Prior to this report, New Hampshire Republican Gov. Chris Sununu said in a statement that he would be sending 164 National Guard troops from two units to serve the nation during “the ongoing humanitarian crisis along our southern border.”

One of these units will “provide command and control over four subordinate units ‘companies’ from NH, RI, IL and KY numbering approximately 500-soldiers total.” The other unit “will be deployed to primarily surveillance sites along the border.”

Jessica Vaughn, director of policy studies at the Washington D.C.-based Center for Immigration Studies, remarked that the presence of “more boots on the ground” will help the currently “overwhelmed” Border Patrol officers.

“One of the biggest security problems is that federal officials are so distracted dealing with migrants that the border is totally unguarded,” she added.

This nationwide deployment mirrors a similar one back in 2018 under President Donald Trump when he signed a proclamation to send the National Guard to the border.

At the time, then-Homeland Security Secretary Kirstjen Nielsen told reporters that this decision was made to combat what she called the “unacceptable levels of illegal drugs, dangerous gang activity, transnational criminal organizations, and illegal immigration flow across our border.”

However, Texas Gov. Greg Abbott, who has been dealing with the brunt of the border crisis for years, decried Biden’s move as “deeply hypocritical” on the president’s part.

“It is hypocritical on the one hand for the president and his staff to criticize me for having to deploy the National Guard to respond to his open border policies, now for them only to begin to deploy [other states’] National Guards is deeply hypocritical,” Abbott told the The Center Square.

This remark was a reference to Operation Lone Star, launched by Abbott in 2021 as a means to respond to the surge of illegal immigrants at the border. As part of the operation, Abbott deployed his state’s National Guard.

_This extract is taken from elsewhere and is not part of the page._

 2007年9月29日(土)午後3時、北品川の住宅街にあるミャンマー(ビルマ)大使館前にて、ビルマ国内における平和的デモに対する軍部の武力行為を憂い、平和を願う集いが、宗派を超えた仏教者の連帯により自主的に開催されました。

Abbott also blasted other Democratic leaders for criticizing him “for helping out our local communities by busing out migrants to sanctuary cities like Washington, D.C., New York City, and Chicago, and then Biden and his administration moving migrants themselves in the middle of the night.”

The last comment refers to reports that the Biden administration flew illegal immigrants from the southern border to cities across the nation under cover of the night.

Abbott said his busing of migrants, which has received flak from Democratic leaders nationwide as he tests their previously stated “sanctuary city” claims, is “really nothing different than what the Biden administration is doing.”

Former acting Commissioner of Customs and Border Protection Mark Morgan even said that Biden’s decision to mobilize the National Guard now, after previously denying requests even to cities like Washington D.C., is nothing more than “a political stunt.”

“These military resources are not being used to secure the border to apply consequences to those who are illegally entering the U.S.,” Morgan said. “Instead they will be used to expedite the processing and releasing of more illegal aliens into the U.S.”

Saying the problem at the border stems from “a policy issue,” Morgan added, “Biden’s open border policies are driving more and more people to come here as we’ve already seen from over 150 countries, including 78 terrorists that we know of.”